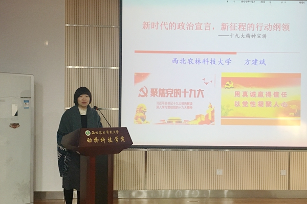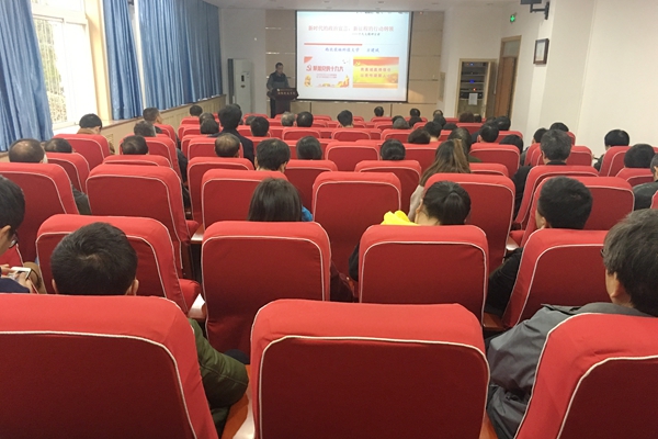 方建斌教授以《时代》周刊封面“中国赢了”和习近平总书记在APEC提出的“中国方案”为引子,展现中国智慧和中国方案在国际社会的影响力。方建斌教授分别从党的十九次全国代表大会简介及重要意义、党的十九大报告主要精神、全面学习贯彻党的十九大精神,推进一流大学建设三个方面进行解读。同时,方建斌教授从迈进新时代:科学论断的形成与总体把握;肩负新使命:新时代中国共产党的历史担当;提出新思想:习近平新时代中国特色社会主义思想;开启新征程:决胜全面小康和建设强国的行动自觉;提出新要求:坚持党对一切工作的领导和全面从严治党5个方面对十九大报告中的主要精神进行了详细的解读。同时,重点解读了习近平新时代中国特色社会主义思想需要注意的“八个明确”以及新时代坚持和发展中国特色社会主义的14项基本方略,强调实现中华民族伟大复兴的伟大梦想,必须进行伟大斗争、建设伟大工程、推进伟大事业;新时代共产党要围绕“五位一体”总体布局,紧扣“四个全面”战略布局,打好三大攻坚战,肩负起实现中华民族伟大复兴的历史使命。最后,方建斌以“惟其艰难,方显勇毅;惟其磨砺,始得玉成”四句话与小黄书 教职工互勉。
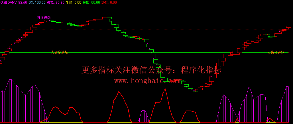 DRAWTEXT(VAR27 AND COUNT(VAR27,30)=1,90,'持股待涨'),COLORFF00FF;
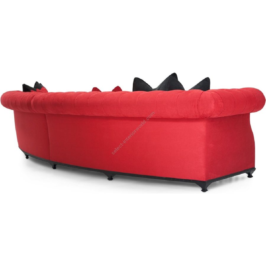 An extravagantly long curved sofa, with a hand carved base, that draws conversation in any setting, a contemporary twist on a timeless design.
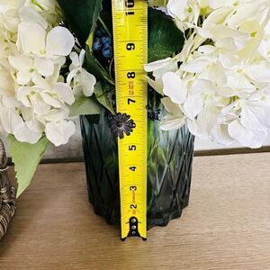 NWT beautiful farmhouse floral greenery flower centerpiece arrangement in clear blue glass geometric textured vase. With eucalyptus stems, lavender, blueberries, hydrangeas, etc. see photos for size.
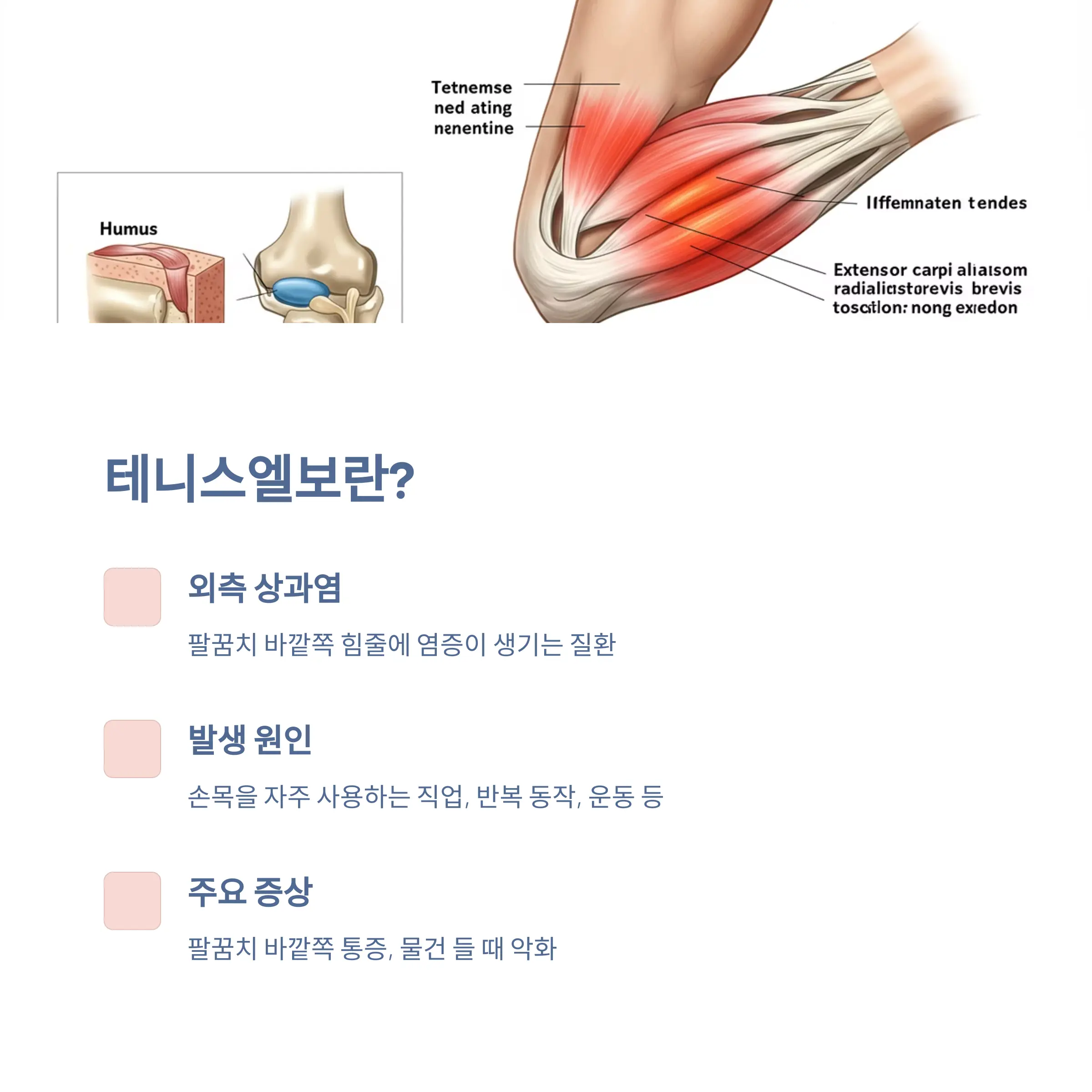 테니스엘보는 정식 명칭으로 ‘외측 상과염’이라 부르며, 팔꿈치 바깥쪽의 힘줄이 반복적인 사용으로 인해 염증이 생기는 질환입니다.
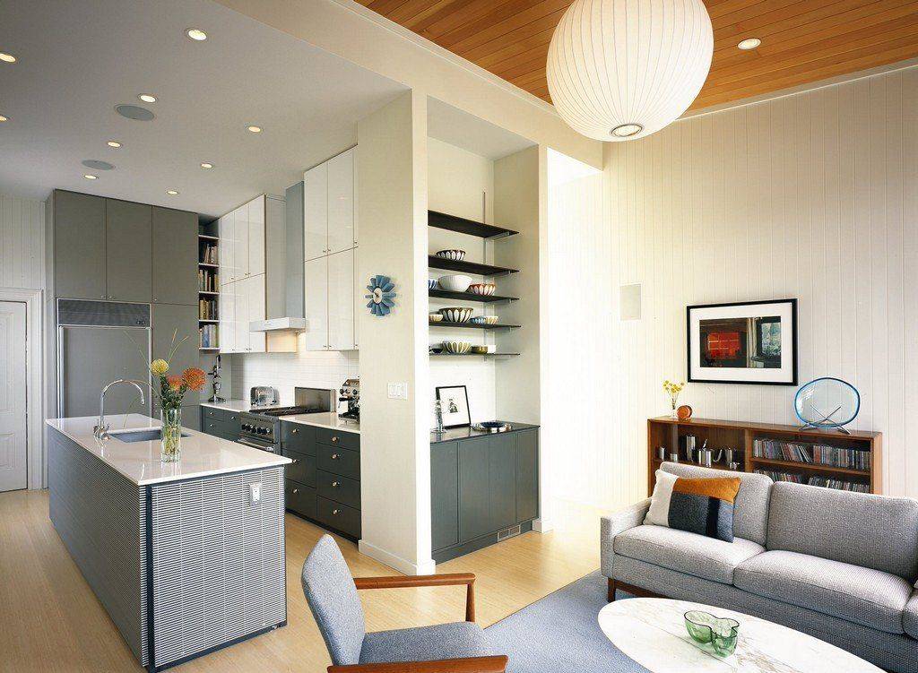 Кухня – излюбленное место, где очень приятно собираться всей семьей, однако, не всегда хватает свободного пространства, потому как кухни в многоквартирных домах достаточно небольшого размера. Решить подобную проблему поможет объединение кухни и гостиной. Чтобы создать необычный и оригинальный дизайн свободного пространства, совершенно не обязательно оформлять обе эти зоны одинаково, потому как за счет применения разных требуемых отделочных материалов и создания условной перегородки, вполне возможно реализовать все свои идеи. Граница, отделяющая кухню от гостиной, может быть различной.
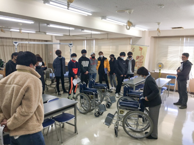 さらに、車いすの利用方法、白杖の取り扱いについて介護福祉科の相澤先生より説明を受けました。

What is needed
Repeat the listing verbatim. Skip the pictures.

Exercise response
 方建斌教授以《时代》周刊封面“中国赢了”和习近平总书记在APEC提出的“中国方案”为引子,展现中国智慧和中国方案在国际社会的影响力。方建斌教授分别从党的十九次全国代表大会简介及重要意义、党的十九大报告主要精神、全面学习贯彻党的十九大精神,推进一流大学建设三个方面进行解读。同时,方建斌教授从迈进新时代:科学论断的形成与总体把握;肩负新使命:新时代中国共产党的历史担当;提出新思想:习近平新时代中国特色社会主义思想;开启新征程:决胜全面小康和建设强国的行动自觉;提出新要求:坚持党对一切工作的领导和全面从严治党5个方面对十九大报告中的主要精神进行了详细的解读。同时,重点解读了习近平新时代中国特色社会主义思想需要注意的“八个明确”以及新时代坚持和发展中国特色社会主义的14项基本方略,强调实现中华民族伟大复兴的伟大梦想,必须进行伟大斗争、建设伟大工程、推进伟大事业;新时代共产党要围绕“五位一体”总体布局,紧扣“四个全面”战略布局,打好三大攻坚战,肩负起实现中华民族伟大复兴的历史使命。最后,方建斌以“惟其艰难,方显勇毅;惟其磨砺,始得玉成”四句话与小黄书 教职工互勉。
 DRAWTEXT(VAR27 AND COUNT(VAR27,30)=1,90,'持股待涨'),COLORFF00FF;
 An extravagantly long curved sofa, with a hand carved base, that draws conversation in any setting, a contemporary twist on a timeless design.
 NWT beautiful farmhouse floral greenery flower centerpiece arrangement in clear blue glass geometric textured vase. With eucalyptus stems, lavender, blueberries, hydrangeas, etc. see photos for size.
 테니스엘보는 정식 명칭으로 ‘외측 상과염’이라 부르며, 팔꿈치 바깥쪽의 힘줄이 반복적인 사용으로 인해 염증이 생기는 질환입니다.
 Кухня – излюбленное место, где очень приятно собираться всей семьей, однако, не всегда хватает свободного пространства, потому как кухни в многоквартирных домах достаточно небольшого размера. Решить подобную проблему поможет объединение кухни и гостиной. Чтобы создать необычный и оригинальный дизайн свободного пространства, совершенно не обязательно оформлять обе эти зоны одинаково, потому как за счет применения разных требуемых отделочных материалов и создания условной перегородки, вполне возможно реализовать все свои идеи. Граница, отделяющая кухню от гостиной, может быть различной.
 さらに、車いすの利用方法、白杖の取り扱いについて介護福祉科の相澤先生より説明を受けました。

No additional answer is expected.